In the field theory the moduli
space should change in a similar way, and the origin of moduli space
should be blown up.
There should no longer be a point of unbroken
$SU(2)\times SU(2)$, but only non-intersecting lines of unbroken
$SU(2)$. Obviously, the appropriate terms are in the K\"ahler
potential and not in the superpotential, and we have not analyzed the
exact form that they should take. The effect of the spacetime 2-form
field on the worldvolume theory is far less clear.

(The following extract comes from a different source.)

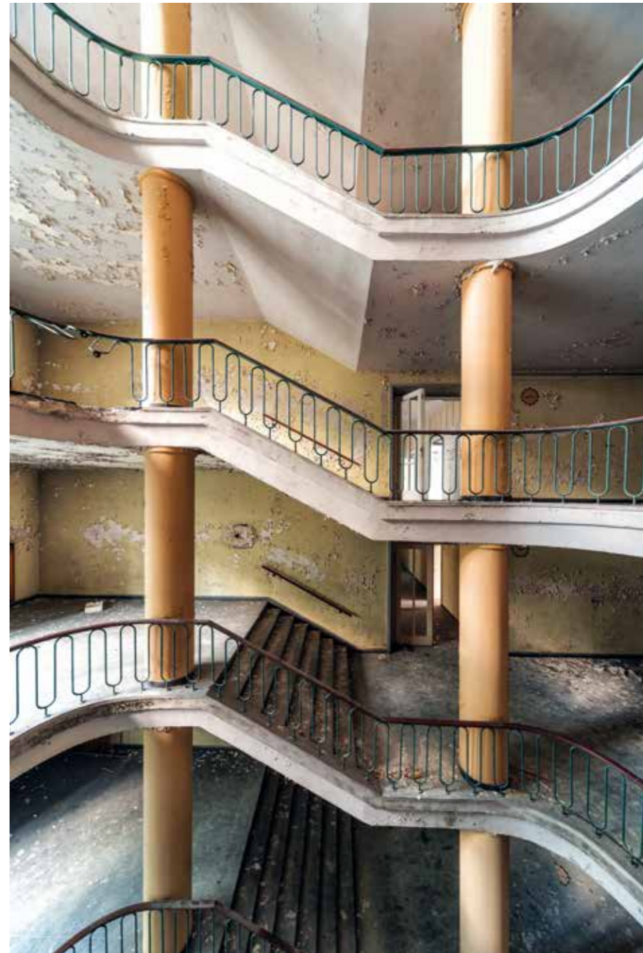
VEB Strömungsmaschinen Pirna – Saxe – (2013)

Another interesting question is the relation between the field theory
we discuss, involving the 3-brane in the orientifold background, and
the field theory describing a 3-brane moving in the F-theory
background with no 2-form fields turned on. We have not identified
what the discrete torsion which differentiates between the two
theories corresponds to in the 3-brane field theory,
so the relation between these field theories is not clear. As
discussed in the next section, the discrete torsion definitely changes
the field theory at the origin of moduli space, although (since the
discrete torsion is concentrated at the origin) it does not change the
Coulomb branch away from the origin. Thus, the 3-brane moving in the
F-theory background should be described by a different field theory
(which should have exact $SL(2,\bZ)$ electric-magnetic duality), but
the Coulomb phase of all these theories should be identical. In the
F-theory background, tensionless strings appear in spacetime, and the
effect these should have on the 3-brane probe field theory is also
unknown.

We can easily generalize the analysis of this section to multiple
3-brane probes, as in section 2. We find for $k$ 3-brane probes an
$Sp(2k)\times Sp(2k)$ gauge theory, with two chiral superfields in the
$\bf(2k,2k)$ representation from $X_{6,7,8,9}$, superfields in the
$\bf(k(2k-1)-1,1)+(1,1)+(1,k(2k-1)-1,1)+(1,1)$ representations from
$X_{4,5}$, and eight $\bf(2k,1)$ and $\bf(1,2k)$ superfields from the
3-7 strings. The Coulomb phase of this theory may be easily seen to
consist of $k$ copies of the Coulomb phase of the original theory (up
to an $S_k$ identification), 
and we run into the same problems when trying to write a
superpotential describing the theory at the origin of the moduli space.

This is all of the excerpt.